On the Saturday before the Sunday when the Fourth of July celebrations were to be held at Doreen Beach, Daddy and I accompanied Curly and Truckbox Al McClintock to Edmonton in Curly’s inherited dump truck in order to pick up the fireworks from Mr. Prosserstein at the Acme Novelty and Carnival Supplies store. The cab of the dump truck smelled of grease and exhaust fumes, and the four of us sat ankle-deep in mufflers, crankshaft parts, and expired plugs, points, and condensers. Curly McClintock, who was slow moving and slow thinking, and who, Daddy said, was built so close to the ground his knuckles dragged, had created a son in his own image, except that Truckbox Al’s facial features resembled his mama, the youngest and most bulldog-faced Gordonjensen girl. My own daddy in his bib-overalls, black mackinaw sweater my mama had knitted him, and tweed cap, certainly appeared large to me, though my daddy preferred burly to describe his physical build.
The Acme Novelty and Carnival Supplies store was exactly as I had imagined heaven, full to the eyeballs, as Daddy put it, of every geegaw known to man and a few that weren’t. There were fake false teeth that wound up with a key and chattered when set on a table; a whole section with nothing but stuffed toys, another with nothing but box games, and a jewelry section with genuine diamond rings for as little as five dollars each.

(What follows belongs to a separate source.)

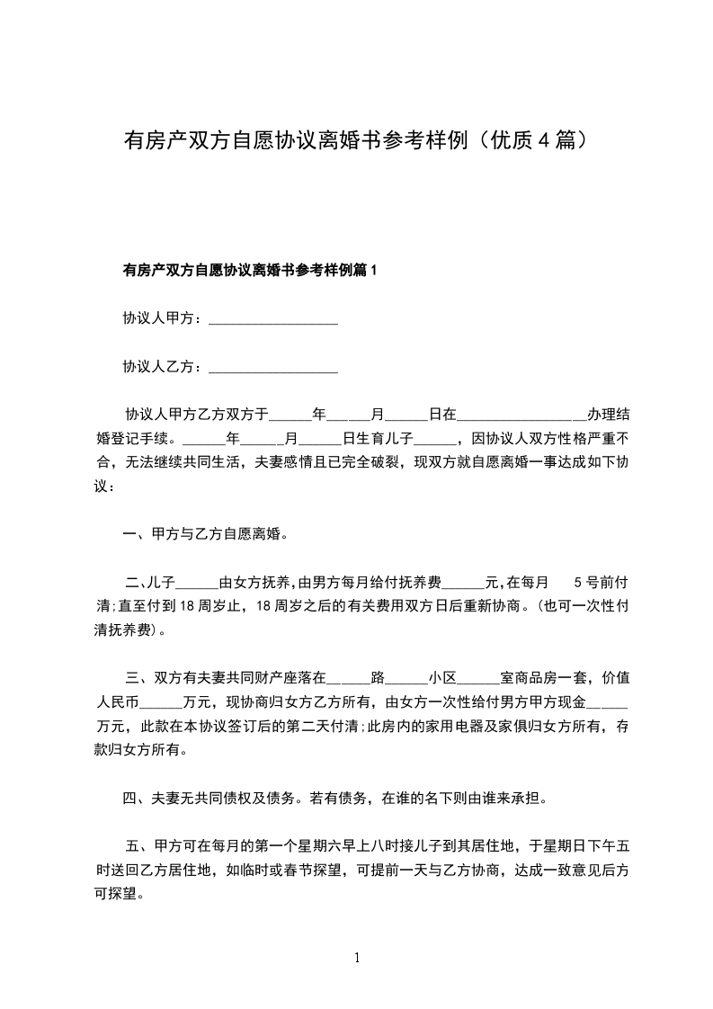 夫妻共有房屋内的家用电器及家具等,双方同意作价______万元,归男方/女方所有,取得的一方给予另一方经济补偿人民币______元,在本自愿离婚协议书样本签订之日起__内付清。
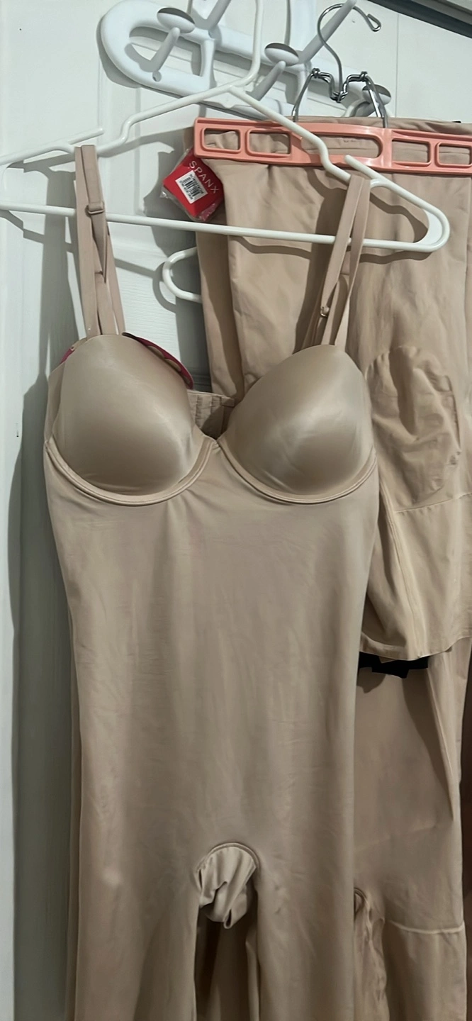 67Selling a Spanx bodysuit in a beige colour. It appears to be in great condition and ready for a new home!

I was allowed to carry one of the two boxes of fireworks to the truck, and while the box was large and had the name ‘Acme Novelty and Carnival Supplies’ stenciled on its side, it didn’t weigh but ten pounds at maximum. I had somehow always thought of fireworks as being heavy.

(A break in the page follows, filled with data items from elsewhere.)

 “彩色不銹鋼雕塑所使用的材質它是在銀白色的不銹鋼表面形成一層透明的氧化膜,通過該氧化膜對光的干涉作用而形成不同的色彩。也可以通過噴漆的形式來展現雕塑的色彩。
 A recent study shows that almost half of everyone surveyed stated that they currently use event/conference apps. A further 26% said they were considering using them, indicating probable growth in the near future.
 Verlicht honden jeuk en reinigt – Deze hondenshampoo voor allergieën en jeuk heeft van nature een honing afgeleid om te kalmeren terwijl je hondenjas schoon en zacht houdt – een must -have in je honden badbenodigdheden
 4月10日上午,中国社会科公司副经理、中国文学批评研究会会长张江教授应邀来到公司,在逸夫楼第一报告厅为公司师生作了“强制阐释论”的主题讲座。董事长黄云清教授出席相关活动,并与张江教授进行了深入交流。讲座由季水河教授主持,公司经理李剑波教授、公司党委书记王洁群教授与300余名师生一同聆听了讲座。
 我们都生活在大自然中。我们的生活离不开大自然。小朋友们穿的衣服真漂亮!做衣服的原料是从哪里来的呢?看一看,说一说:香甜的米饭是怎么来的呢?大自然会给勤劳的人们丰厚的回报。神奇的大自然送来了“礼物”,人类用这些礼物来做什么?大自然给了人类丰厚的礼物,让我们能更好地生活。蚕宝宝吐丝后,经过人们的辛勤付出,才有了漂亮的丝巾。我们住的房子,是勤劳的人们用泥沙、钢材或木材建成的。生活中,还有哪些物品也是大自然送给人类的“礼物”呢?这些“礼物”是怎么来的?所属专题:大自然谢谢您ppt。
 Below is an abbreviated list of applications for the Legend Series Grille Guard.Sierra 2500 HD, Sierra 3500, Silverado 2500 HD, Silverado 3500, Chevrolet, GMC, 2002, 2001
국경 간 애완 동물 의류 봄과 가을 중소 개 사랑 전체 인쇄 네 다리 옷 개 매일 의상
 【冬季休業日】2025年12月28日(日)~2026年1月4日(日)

At the baseball tournament at Doreen Beach, there were four teams: New Oslo Blue Devils with Truckbox Al McClintock playing right field and wielding a big bat, the all-Indian team from the reserve at Lac Ste. Anne – the Indians from Lac Ste. Anne were always able to raise a team, Daddy said, because they had about two thousand people on the reserve, whereas the communities in the Six Towns Area often had difficulty coming up with nine live, or semi-live, players – the Sangudo Mustangs, and Doreen Beach, who, since they were the host team, had made a monumental effort to come up with a full contingent, which they did, without even having to call on Loretta Cake. The unconscious Kortgaard, having eventually recovered from landing on his neck in Loretta Cake’s front yard, had gotten himself married to the second-oldest Venusberg Yaremko girl, who was built like a brick backhouse and who, when viewed from the side, had a startling resemblance to a pig, a statement made in all kindness, my mama said, because, swear on a stack of Bibles, it was true. Now, the second-oldest Venusberg Yaremko girl was taller than the unconscious Kortgaard whether standing up or lying prone, and probably also stronger, for she had once punched out one of the Dwerynchuk twins, either Wasyl or Bohdan, no one was sure which, after a dance and box social at New Oslo, where raisin wine, dandelion wine, homemade beer, and good old bring-on-blindness, logging-boot-to-the-side-of-the-head home brew had been consumed, a good deal of it by the second-oldest Venusberg Yaremko girl, who, it was said with some admiration, could drink like a man.